● **Your assignment**:
Transcribe nothing except the lines below that run from the one with "拾った日はやっていられなくて" to the one with "Once you step", ends included, and do not copy any picture.

━━━━━ Given records

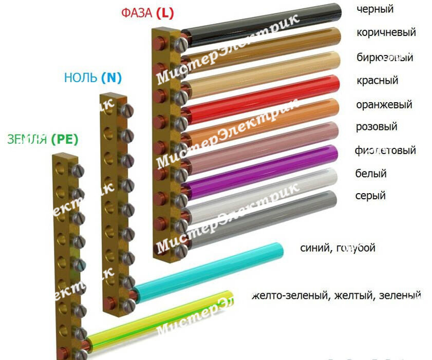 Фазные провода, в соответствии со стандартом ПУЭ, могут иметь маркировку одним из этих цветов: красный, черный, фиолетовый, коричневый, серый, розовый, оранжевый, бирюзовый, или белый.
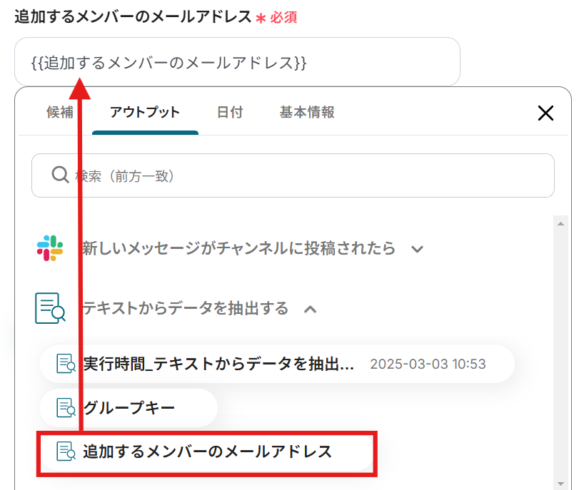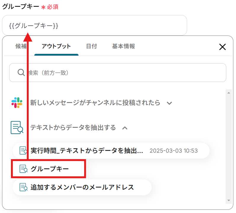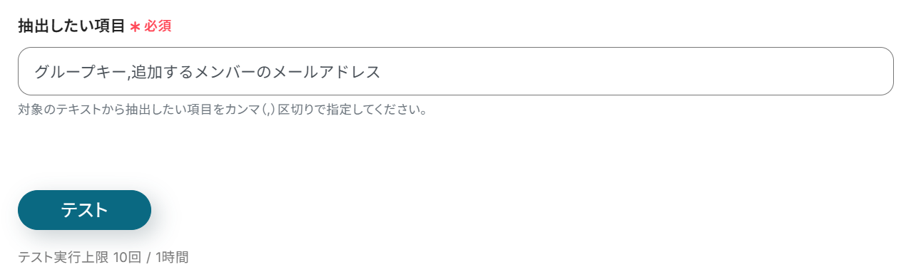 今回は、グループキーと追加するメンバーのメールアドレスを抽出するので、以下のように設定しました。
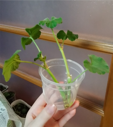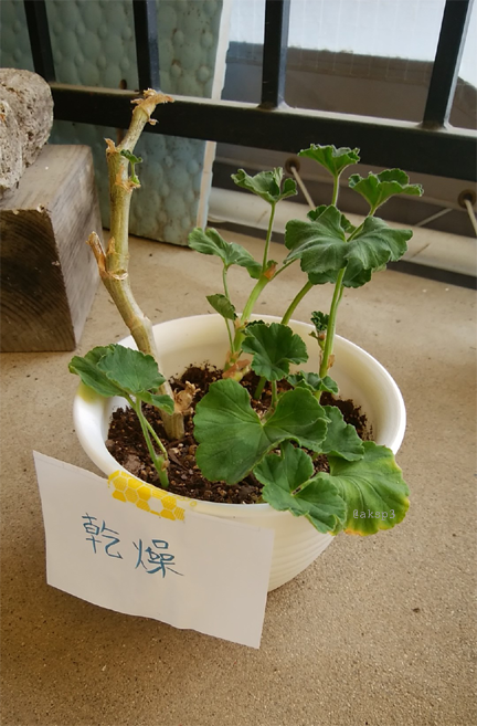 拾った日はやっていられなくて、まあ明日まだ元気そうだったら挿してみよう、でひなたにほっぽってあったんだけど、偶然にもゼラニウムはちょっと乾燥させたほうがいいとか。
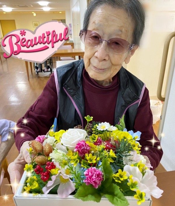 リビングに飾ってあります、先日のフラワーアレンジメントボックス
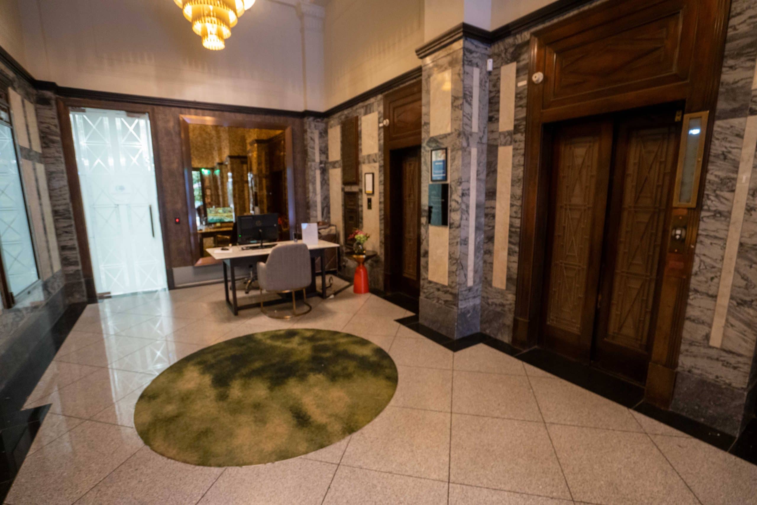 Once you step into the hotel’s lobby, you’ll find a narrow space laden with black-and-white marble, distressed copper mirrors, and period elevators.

━━━━━━━━━━
━━━━━ Given records

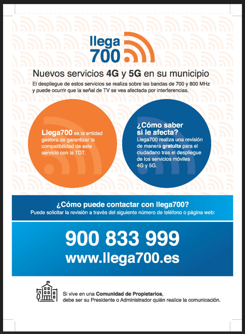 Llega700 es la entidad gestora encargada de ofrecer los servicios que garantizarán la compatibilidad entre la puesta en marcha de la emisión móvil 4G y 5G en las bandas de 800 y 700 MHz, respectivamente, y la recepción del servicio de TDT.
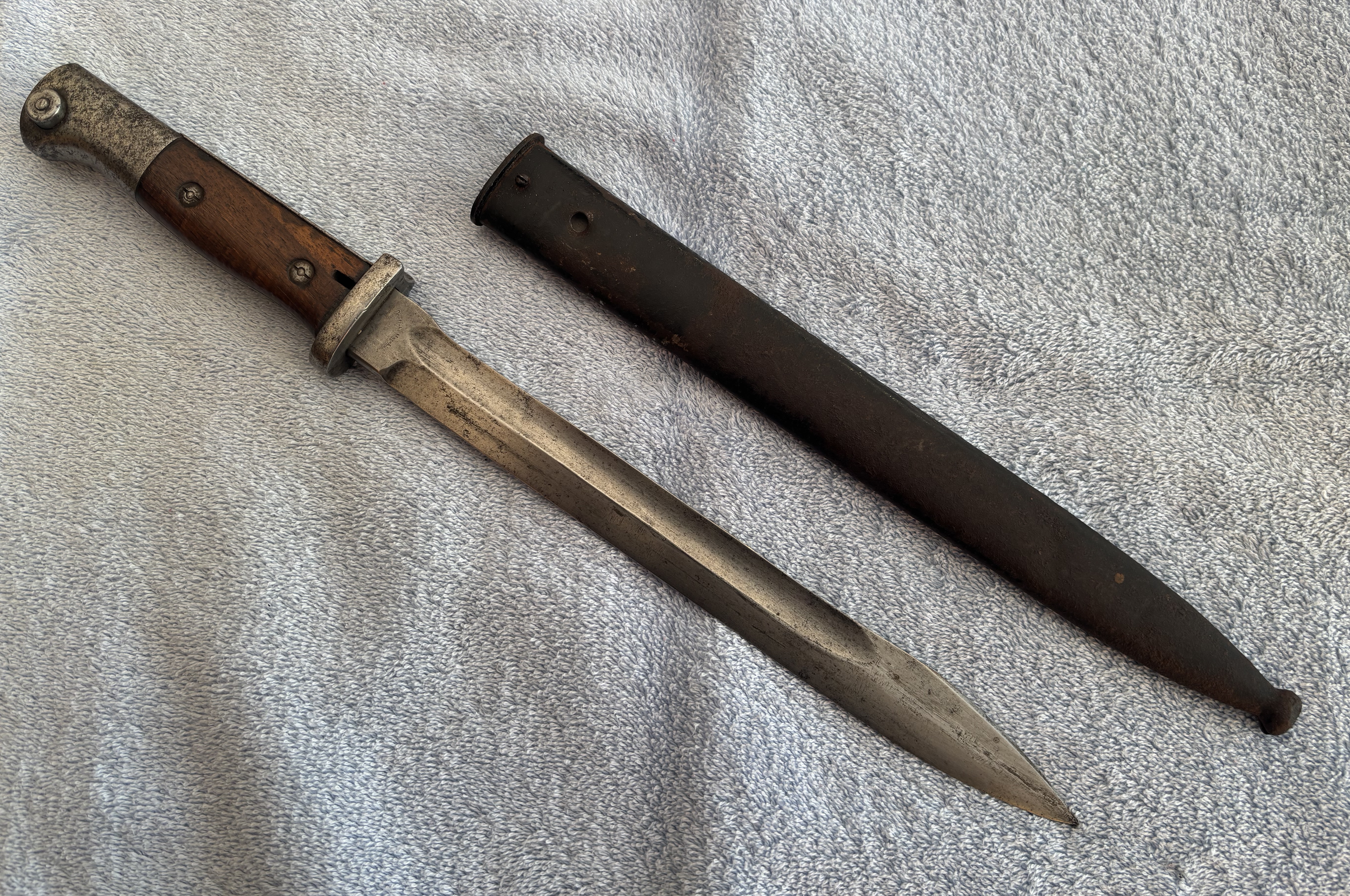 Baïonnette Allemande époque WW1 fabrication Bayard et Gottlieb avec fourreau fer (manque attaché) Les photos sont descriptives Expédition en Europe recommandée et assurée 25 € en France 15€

━━━━━━━━━━

● **Result of the exercise**:
 拾った日はやっていられなくて、まあ明日まだ元気そうだったら挿してみよう、でひなたにほっぽってあったんだけど、偶然にもゼラニウムはちょっと乾燥させたほうがいいとか。
 リビングに飾ってあります、先日のフラワーアレンジメントボックス
 Once you step into the hotel’s lobby, you’ll find a narrow space laden with black-and-white marble, distressed copper mirrors, and period elevators.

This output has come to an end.